TASK:
Restate all data exactly. No images.

DATA BELOW:
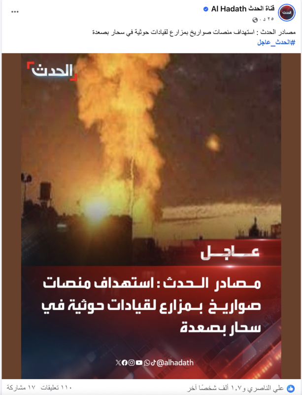 نشرت حسابات وصفحات على منصة إكس صورة ادعت أنها تظهر استهداف منصات صواريخ بمزارع قيادات حوثية في سحار بصعدة
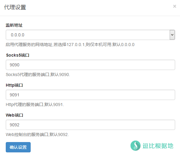 基本设置,可以修改 监听地址 和 HTTP/SOCKS5端口,以及WEB管理面板的端口。
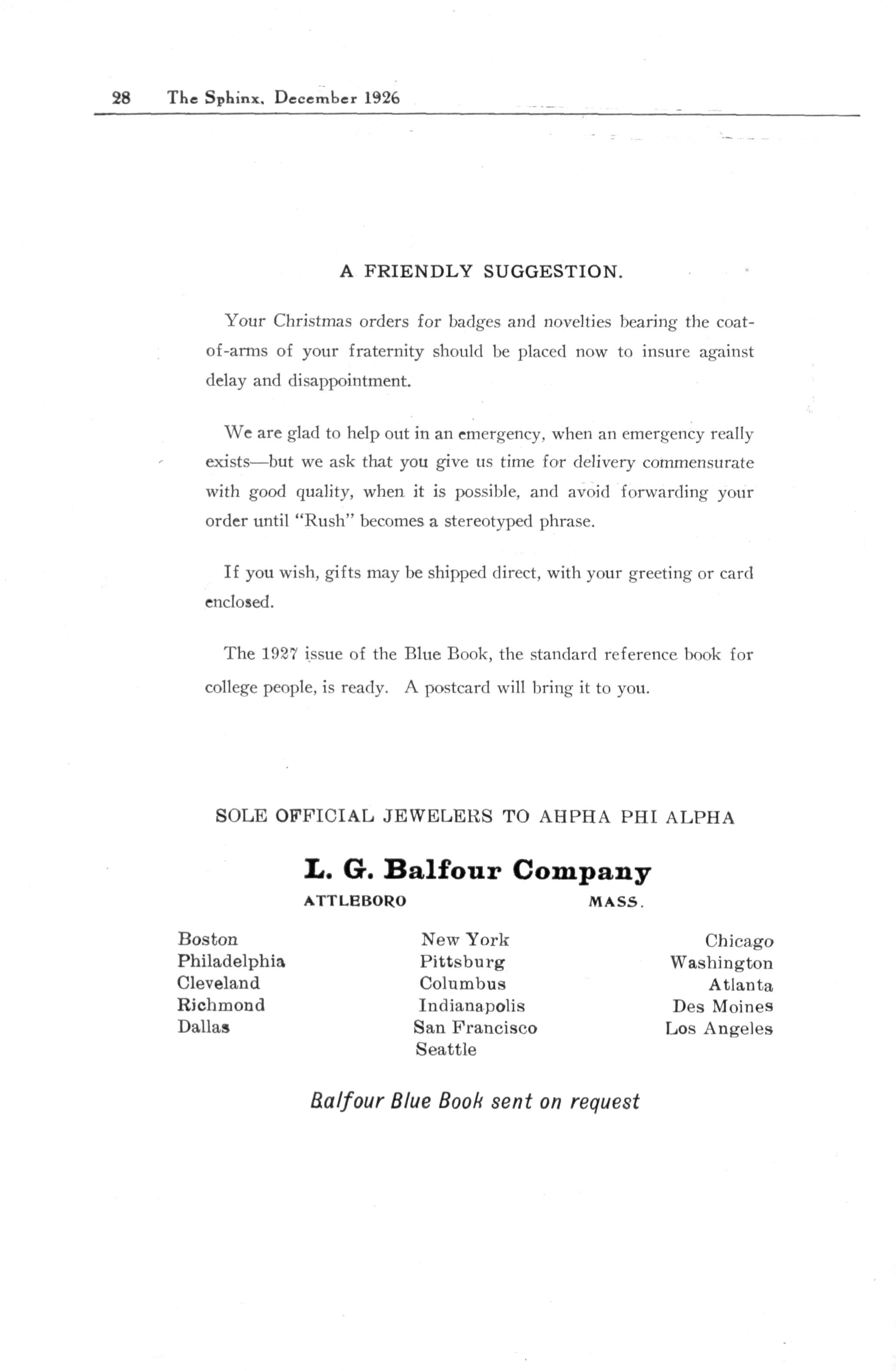L. G. Balfour Company ATTLEBORO MASS.

ANSWER BOX:
 نشرت حسابات وصفحات على منصة إكس صورة ادعت أنها تظهر استهداف منصات صواريخ بمزارع قيادات حوثية في سحار بصعدة
 基本设置,可以修改 监听地址 和 HTTP/SOCKS5端口,以及WEB管理面板的端口。
L. G. Balfour Company ATTLEBORO MASS.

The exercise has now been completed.